Cobalamin is needed for normal cell metabolism, but a deficiency in the vitamin can be difficult to diagnose. There is currently no consensus on how to define biochemical cobalamin deficiency, particularly in a subclinical form.
Cobalamin (vitamin B12) is produced by soil bacteria, and the main dietary sources are meat, fish, shellfish, eggs, milk and dairy products. A normal diet provides 5–7 µg cobalamin per day, a vegetarian diet with eggs and dairy products provides <0.5 µg, while a vegan diet provides no cobalamin. A daily intake of between 4 and 7 µg is associated with adequate cobalamin status in young adults. Cobalamin levels in breastmilk depend on the mother's status and are usually high in the first few weeks following birth, but subsequently decrease (1) .
The incidence of cobalamin deficiency varies according to the definition and is reported to be between 2.5 % and 26 % (1) . The incidence of moderate cobalamin deficiency is high in pregnant women (2) and exclusively breastfed infants (1) . Moderate cobalamin deficiency in infants is associated with developmental delays (3) , and it has been proposed that cobalamin status be included in neonatal screening (4) .
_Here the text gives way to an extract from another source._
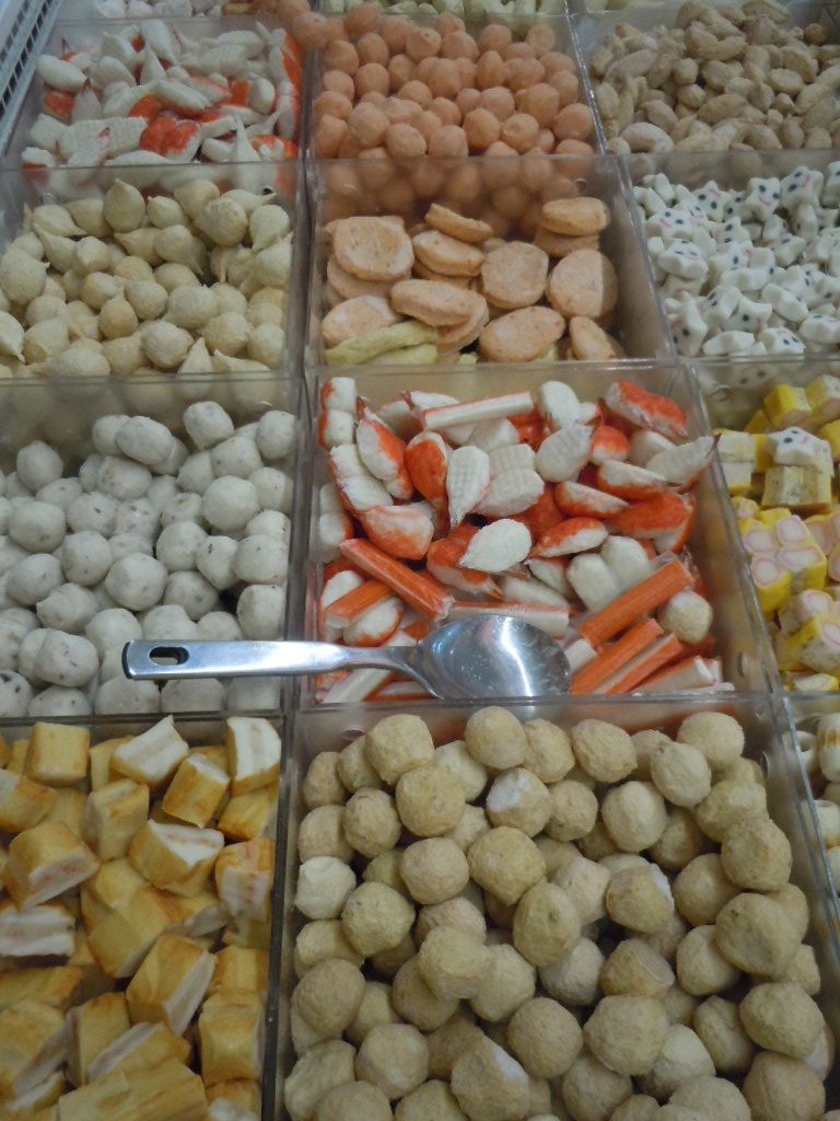 All’inizio ho pensato che fossero caramelle, ma mi sono accorta rapidamente che erano congelati. Poi ho visto il cartello che diceva “snack di pesce” e ho capito che quelle belle faccine e palline colorate altro non sono che spuntini fatti di pesce. Mi auguro solo che mantengano quei bei musetti e i bei colori anche fritti!

The majority of the vitamin is actively absorbed in the terminal ileum, but 0.5–4 % is absorbed passively. The release of cobalamin from dietary protein requires low gastric pH. Following release, cobalamin binds to the transport protein haptocorrin. The binding must be degraded by pancreatic enzymes prior to absorption. Active absorption in the terminal ileum requires binding to intrinsic factor, which is produced in the stomach. The risk of cobalamin deficiency increases with disease or use of medication that affects secretion of gastric acid or pancreatic enzymes, production and function of intrinsic factor or the terminal ileum.
Together with folate, cobalamin is required to convert homocysteine to methionine, which is the body's primary methyl group donor. Homocysteine levels rise if there is a deficiency of cobalamin or folate. Cobalamin is also a cofactor in the conversion of methylmalonyl-coenzyme A to succinyl-coenzyme A. Cobalamin deficiency leads to elevated methylmalonic acid levels.
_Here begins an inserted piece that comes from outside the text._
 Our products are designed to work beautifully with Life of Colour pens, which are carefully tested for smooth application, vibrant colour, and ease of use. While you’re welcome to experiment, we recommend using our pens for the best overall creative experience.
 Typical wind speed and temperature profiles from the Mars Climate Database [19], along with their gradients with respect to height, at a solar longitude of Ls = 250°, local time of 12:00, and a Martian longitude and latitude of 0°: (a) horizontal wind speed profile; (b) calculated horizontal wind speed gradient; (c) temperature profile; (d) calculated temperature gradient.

Assessment of cobalamin status
Assessment of cobalamin status
Measurement of serum cobalamin is recommended as the primary assessment of cobalamin status, but the levels may vary according to the measurement method and also be affected by haptocorrin levels (1) .
In case of doubt, it may be appropriate to analyse levels of the metabolic markers homocysteine and methylmalonic acid. In adults, homocysteine is primarily a folate marker, while methylmalonic acid is primarily a cobalamin marker. In patients with cobalamin deficiency, levels of methylmalonic acid rise, but interpretation can be difficult since both markers vary with age and sex and increase in impaired renal function (1) .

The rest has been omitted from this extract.